The true fix is to inject some code I've been using locally:

def set_array(pytree, parameters):
    dtype = np.float64 if config.x64_enabled else np.float32
    floats, other = eqx.partition(pytree, eqx.is_inexact_array_like)
    floats = jtu.tree_map(lambda x: np.array(x, dtype=dtype), floats)
    return eqx.combine(floats, other)

into the inner_wrapper function into both of the Zodiax filter functions https://github.com/LouisDesdoigts/zodiax/blob/main/zodiax/eqx.py which is then called on any object we want to take gradients with respect to.

There's a series of small fixes and improvements like these that have been hanging around locally while I've been working on other projects. You can either just use this fix locally or submit a PR into Zodiax if you'd prefer.

h-greer commented 5 days ago

I would prefer to keep the dLux side as it is, since having a float leaf allows us to easily check the its actual value when printing (rather than just the shape and dtype).

That's a pretty compelling reason, and I would agree that fixing it in Zodiax is a much cleaner solution (I just didn't realise that was possible). Once I get it working locally, I'll make a PR

h-greer commented 5 days ago

@LouisDesdoigts how exactly have you been using that set_array function? When I try to use it, I get a TypeError: unsupported operand type(s) for *: 'float' and 'NoneType'

LouisDesdoigts commented 5 days ago

So this function is designed to be used with a set of input parameter paths as defined in Zodiax. So once we have defined what leaves we want to take gradients with respect to ie params = ['diameter', 'flux', 'coefficients'] we can the call the set_array function on our model and it should return the same object but with those leaves enforced to be array of the correct dtype. ie:

optics = ... 

params = ['diameter', 'flux', 'coefficients']

optics = set_array(optics, params) # This object should always return gradients for all leaves defined by params

However judging by that error message I suspect that you are pointing to a leaf that is set as None. I should also note that this method is designed to use the same set of params that is passed into the zodiax filter functions (filter_grad, filter_value_and_grad)

Could you provide a minimum working example (MWE)? Its hard to say much more with a single error that I can't reproduce.

h-greer commented 5 days ago

It looks like I was using the function incorrectly, then. I'd tried putting it inside the Zodiax filter functions directly, but that broke the optimiser with that type error when it tries to combine an array-ified gradient with an unmodified system.
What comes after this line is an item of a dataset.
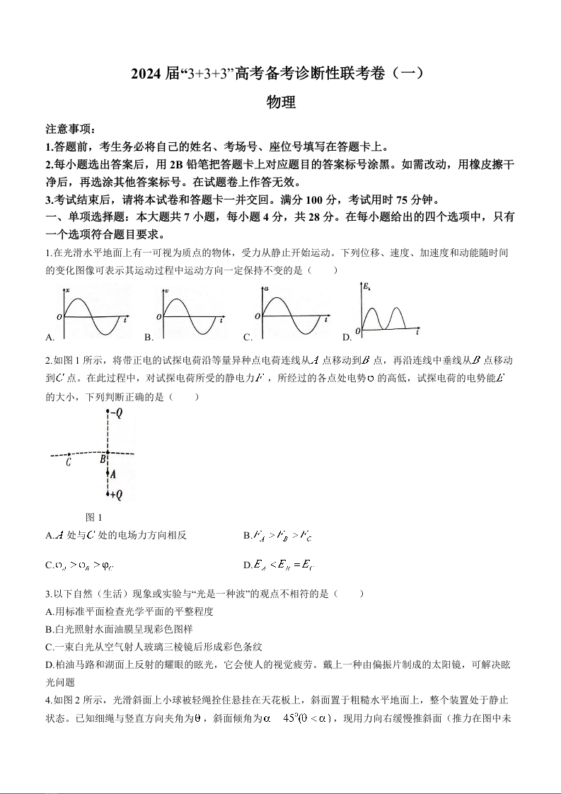 2024届贵州省“3+3+3”高考备考诊断性联考卷(一)物理

LouisDesdoigts commented 5 days ago

Ultimately it should live within the zodiax filter function, but applying before being passed to the filter function was just my hacky way around not modifying zodiax.

Looking back over the function I sent, it actually isn't doing exactly what I said. It actually has no dependence on the parameters input (it was an earlier version that did this) and simply sets everything that it can to an array of the correct dtype to avoid issues with re-compilation arising from different precision of various leaves. That said this method should actually be more robust, it can't change any of the behavior of the object it returns, as an array type is a strict super-set of a float type.
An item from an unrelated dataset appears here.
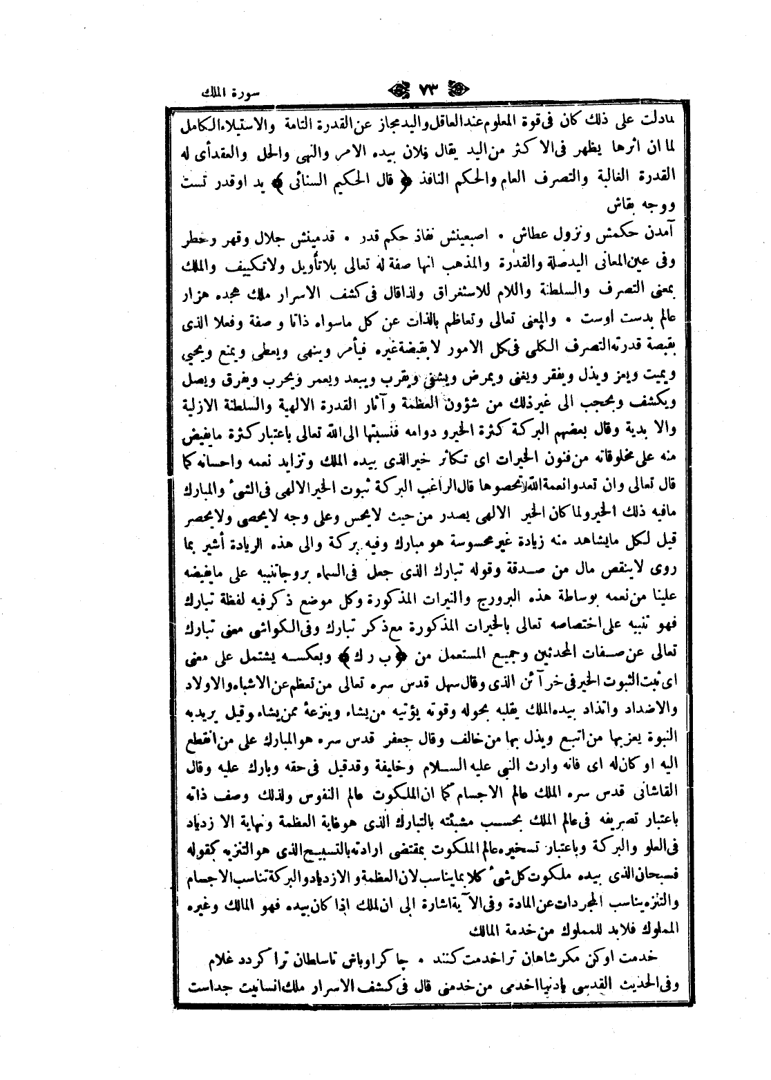 وفى عين المعاني اليد صلة والقدرة والمذهب انها صفة له تعالى بلا تأويل ولا تكييف والملك بمعنى التصرف والسلطنة واللام للاستغراق ولذا قال فى كشف الاسرار ملك هجده هزار عالم بدست اوست. والمعنى تعالى وتعاظم بالذات عن كل ما سواه ذاتا وصفة وفعلا الذي بقبضة قدرته التصرف الكلى فى كل الأمور لا بقبضة غيره فيأمر وينهى ويعطى ويمنع ويحيى ويميت ويعز ويذل ويفقر ويغنى ويمرض ويشفى ويقرب ويبعد ويعمر ويحرب ويفرق ويصل ويكشف وبحجب الى غير ذلك من شؤون العظمة وآثار القدرة الالهية والسلطنة الازلية والابدية وقال بعضهم البركة كثرة الخير ودوامه فنسبتها الى الله تعالى باعتبار كثرة ما يفيض منه على مخلوقاته من فنون الخيرات اى تكاثر خير الذي بيده الملك وتزايد نعمه وإحسانه كما قال تعالى وان تعدوا نعمة الله تحصوها قال الراغب البركة ثبوت الخير الإلهي فى الشيء والمبارك ما فيه ذلك الخير ولما كان الخير الإلهي يصدر من حيث لا يحس وعلى وجه لا يحصى ولا يحصر قيل لكل ما يشاهد منه زيادة غير محسوسة هو مبارك وفيه بركة والى هذه الزيادة أشير بما روى لا ينقص مال من صدقة وقوله تبارك الذي جعل فى السماء بروجا تنبيه على ما يفيضه علينا من نعمه بوساطة هذه البرورج والنيرات المذكورة وكل موضع ذكر فيه لفظة تبارك فهو تنبيه على اختصاصه تعالى بالخيرات المذكورة مع ذكر تبارك وفى الكواشي معنى تبارك تعالى عن صفات المحدثين وجميع المستعمل من ب ر ك وبعكسه يشتمل على معنى اى ثبت الثبوت الخير فى خزآئن الذي وقال سهل قدس سره تعالى من تعظم عن الأشباه والأولاد والاضداد واتذاد بيده الملك يقلبه بحوله وقوته يؤتيه من يشاء وينزعه ممن يشاء وقيل يريد به النبوة يعزبها من اتبع ويذل بها من خالف وقال جعفر قدس سره هو المبارك على من انقطع اليه او كان له اى فانه وارث النبي عليه السلام وخليفة وقد قيل فى حقه وبارك عليه وقال القاشاني قدس سره الملك عالم الأجسام كما ان الملكوت عالم النفوس ولذلك وصف ذاته باعتبار تصريفه فى عالم الملك بحسب مشبئته بالتبارك الذي هو غاية العظمة ونهاية الازدياد فى العلو والبركة وباعتبار تسخيره عالم الملكوت بمقتضى إرادته بالتسبيح الذي هو التنزيه كقوله فسبحان الذي بيده ملكوت كل شىء كلا بما يناسب لان العظمة والازدياد والبركة تناسب الأجسام والتنزه يناسب المجردات عن المادة وفى الآية اشارة الى ان لملك إذا كان بيده فهو المالك وغيره المملوك فلا بد للمملوك من خدمة المالك

If your error is now arising from an interaction with the optimiser object (I assume an optax object?) its possible optax strictly enforces exact dtypes. The quick test for this would be to call the set_array function before passing it to any optimisers.

h-greer commented 5 days ago

I've found the cause of the optimiser error, there was an is_array instead of is_inexact_array_like inside zodiax.get_optimiser that was obliterating the floats before they even made it into optax. Changing that and using set_array inside the filter functions seems to work without errors. I'll double-check that I haven't made any mistakes and make a PR in Zodiax tomorrow

LouisDesdoigts commented 4 days ago

Ah yes that would do it, good find!

I've actually overhauled that function in my local work and various other things in zodiax (its in need of some tender love and care tbh), so that function is somewhat out of date, but all improvements are welcome!